Historians of the deep past tend to study mostly the walls and columns, arches and vaults that sustain architectural space. Sometimes we are attentive to the floor, especially when paved with luxurious materials in intricate patterns ornamenting the surfaces that allow us to comfortably stand and move about. Yet in our visual regime the architectural eye barely notices provisions for sitting in place, almost as if to avoid acknowledging that part of the body which does the sitting. Sometimes arrays of benches and chairs are scrubbed from illustrations of church interiors, as if the human practice (and need) of sitting were unworthy of our attention. But such photoshopping is not always necessary. The eye has become habituated to overlook seating even when it is permanently built in place as part of a building’s design. Such was the case of the stone benches built into the facades of numerous Florentine buildings beginning the fourteenth century. So little known to us were these structures, in fact, that when I first gave my Institute of Fine Arts on-site course on Florence in 1995, I could only point in passing to the benches of the Medici and Rucellai palace facades as examples –the only ones of which I was aware– of a marginal practice, and I moved on quickly to other subjects.

Much in the way that discoveries are often driven by the fresh eyes and open minds of the young, Yvonne Elet, a member of the Florence class (but not my advisee), found the benches intriguing and proposed to write her term paper on them. The result was beyond surprising: it was stunning- -publishable, I thought, with a “little more” work. As the reader will discover, the magisterial outcome (and eventual winner of JSAH’s 2004 Founders’ Award) reveals not only the wide proliferation of the Florentine facade bench but its vital role in political discourse as well as in the multifold practices of sociability in the early Renaissance city. The apotheosis of this phenomenon was the Piazza della Signoria, shown by Elet to have been literally surrounded by sets of triple-tier stone benches on three sides, resulting in a vast virtual amphitheater of social and political engagement. At a broader level of cultural studies, the article adds notably to the lithic dimensions of the embodiment/somatic turn of recent decades.

MARVIN TRACHTENBERG
New York University

 

Introduction to Joseph Connors, “S. Ivo alla Sapienza: The First Three Minutes,” JSAH 55:1 (March 1996): 38-57.

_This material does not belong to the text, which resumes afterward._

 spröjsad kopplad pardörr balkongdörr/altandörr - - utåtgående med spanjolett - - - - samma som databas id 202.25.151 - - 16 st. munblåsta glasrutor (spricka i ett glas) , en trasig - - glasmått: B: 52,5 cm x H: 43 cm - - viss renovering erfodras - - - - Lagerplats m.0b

Neither the first nor the last article devoted to Francesco Borromini’s renowned Roman church to appear in JSAH, this study stands between John Beldon Scott’s iconographic study and Julia Smyth-Pinney’s geometric analysis, epitomising a methodological turn gaining new traction in 1996.1 Such an approach, emblematically, received praised in the Italian journal Casabella in 1997, a few years after Tafuri’s death marked the end of his “ideologically loaded history,” defined by Marvin Trachtenberg as “impossible to categorize (though often Marxist in orientation) but enlightening to read.”2 Key figures such as Rudolf Wittkower now became themselves the objects of historicized studies (see Alina Payne’s 1994 article in JSAH), and the pursuit of knowledge grounded in ‘scientific’ scrutiny drove a wedge separating the study of history from theory.

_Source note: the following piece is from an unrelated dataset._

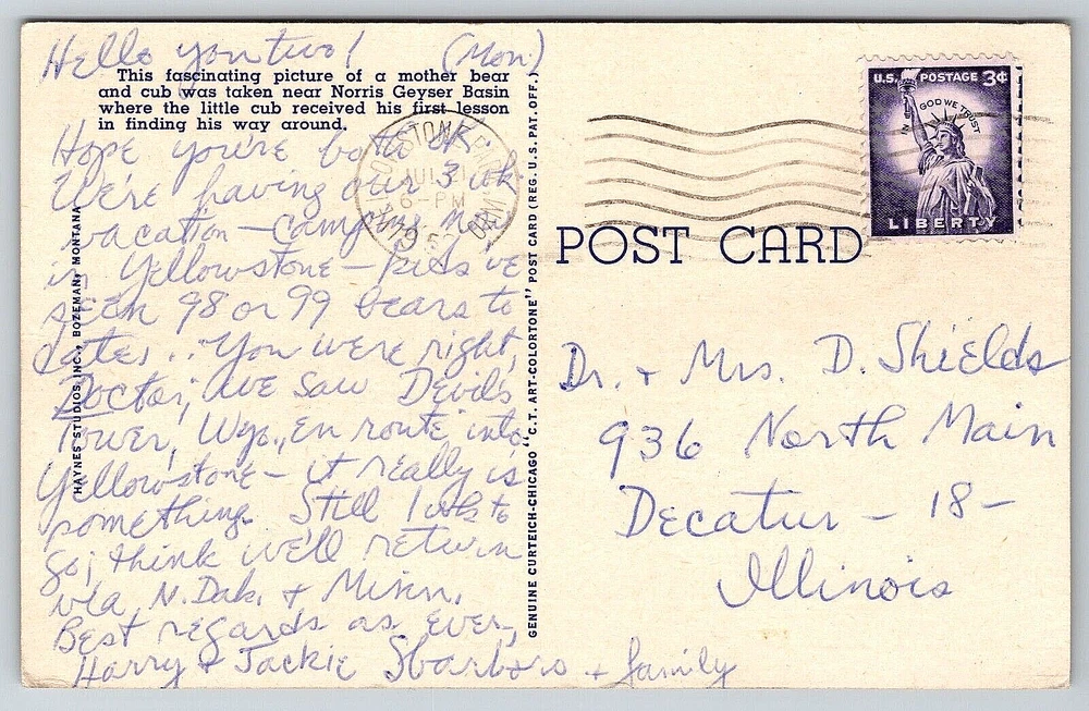 VINTAGE OLD ANTIQUE POSTCARD YELLOWSTONE NATIONAL PARK MOTHER BEAR CUB HIKING

It was at this time that Connors, studying S. Ivo, turned away from “exciting iconography”—borrowing his own words—to “dry autopsy.” It may sound dull, until one discovers how fascinating a forensic investigation can be. Even more so if it addresses the million dollar question: what are the origins of architecture, its inventions, and its universe? Incidentally, Connor’s article appeared just a few years after the second edition of The First Three Minutes: A Modern View of the Origin of the Universe by the physicist Steven Weinberg. Whether or not Connors’ catchy title consciously referred to Weinberg’s book, once we begin to follow his analysis of Borromini’s church, we soon realize that we are dealing with the genesis of architectural design, and with those intriguing, ungraspable first three minutes of its conception, which will perhaps remain forever elusive.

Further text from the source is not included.